[OpenAFS-devel] volserver tuning

Todd_DeSantis@transarc.com Todd_DeSantis@transarc.com
Wed, 30 Oct 2002 09:02:56 -0500 (EST)


Hi Nathan - Hi Russ (and others):

>> Recently I started more closely monitoring our volservers for
>> responsiveness, especially during mass volume move and dump
>> operations.

>> I've noticed that during periods where volume actions are taking
>> place, the volserver periodically hangs and doesn't seem to
>> respond. Sometimes this occurs with only a few moves taking place.

> Yup, we've been having the same problem; it causes a ton of problems
> for volume releases not infrequently.

I believe that both OpenAFS and IBM AFS have looked into this over the
past few months.  This bottleneck lies in the communication between
the volserver and fileserver via the fssync calls.  For certain
calls/trnasactions, the volserver must contact the fileserver to do
some actions.  These actions are mainly
  - have the fileserver break callbacks to clients that have been
    using this volume.

    We have noticed that with the increase in PCs and laptops that 
    travel between offices and home that the BreakCallback calls
    can fail/timeout because they are no longer on the network.
    This has caused the link between the fileserver and volserver
    to linger and cause problems with this call and with other 
    transaction on this volserver.

    Derrick made changes to the OpenAFS fssync code to allow the
    fileserver to return control back to the volserver while the
    callbacks are being broken.  I also think Rainer Toebbicke of CERN
    also made some changes in this area too.  This can allow that
    initial volserver transaction to continue.

    However, I think that the fileserver only has 1 thread dedicated 
    to listenting to requests from the volserver, so while the
    fileserver is still handling the BreakCallbacks request, other
    requests from the volserver are being blocked.  It is possible
    that the CERN code addresses this and allows more fileserver
    threads to listen for volserver requests.

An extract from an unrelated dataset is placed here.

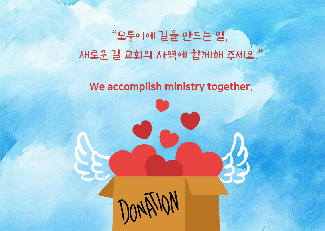 새로운 길 교회와 어려운 탈북민 교회의 전도 사역에 소중히 쓰입니다.

    The Transarc AFS code has also addressed some of these areas
    of contention.  We allow the fileserver to return control to the
    volserver while it is breaking callbacks and we have also
    increased the number of threads that are available for the
    volserver requests.  We have several sites running with these
    versions now and I have not heard of any problems.

    As a warning, I have suggested that sites be wary of scripts 
    that will try to release a series of volumes one after the other.
    Since the "vos release" no longer has to wait for the fileserver
    to BreakCallbacks. the vos command finishes sooner and this could
    cause the next releases to hit the bottleneck at the fssync
    interface and fail.

    So having multiple "vos move" jobs running at the same time on this
    volserver/fileserver can also run into this problem.

    You can check the FileLog to see if you are seeing messages
    complaining about breaking volume callbacks to see if this is
    possibly the problem you are running up against.

In my early days of supporting AFS, I always tried to tell customers
to watch the number of simultaneous vos transactions that they send to
the fileserver.  These transactions are expensive at the IO level and
the more transactions running at the same time can not only hurt
volserver performance, but also fileserver performance.  Since those
days, we have changed the way the fileserver places volumes on the
vice partitions so finding the next free inode to use is much faster
and no longer as big performance bottleneck.

But it is still recommended that we do not try to overload the
volserver even though it does have the ability to run with 16
threads.  From past expereiences with customers, once 3 or 4 vos
transactinos were active, performance did start to suffer.

I'm probably mentioning things that you are already aware of, but I
did want to throw this out there.

Thanks

Todd DeSantis
AFS Support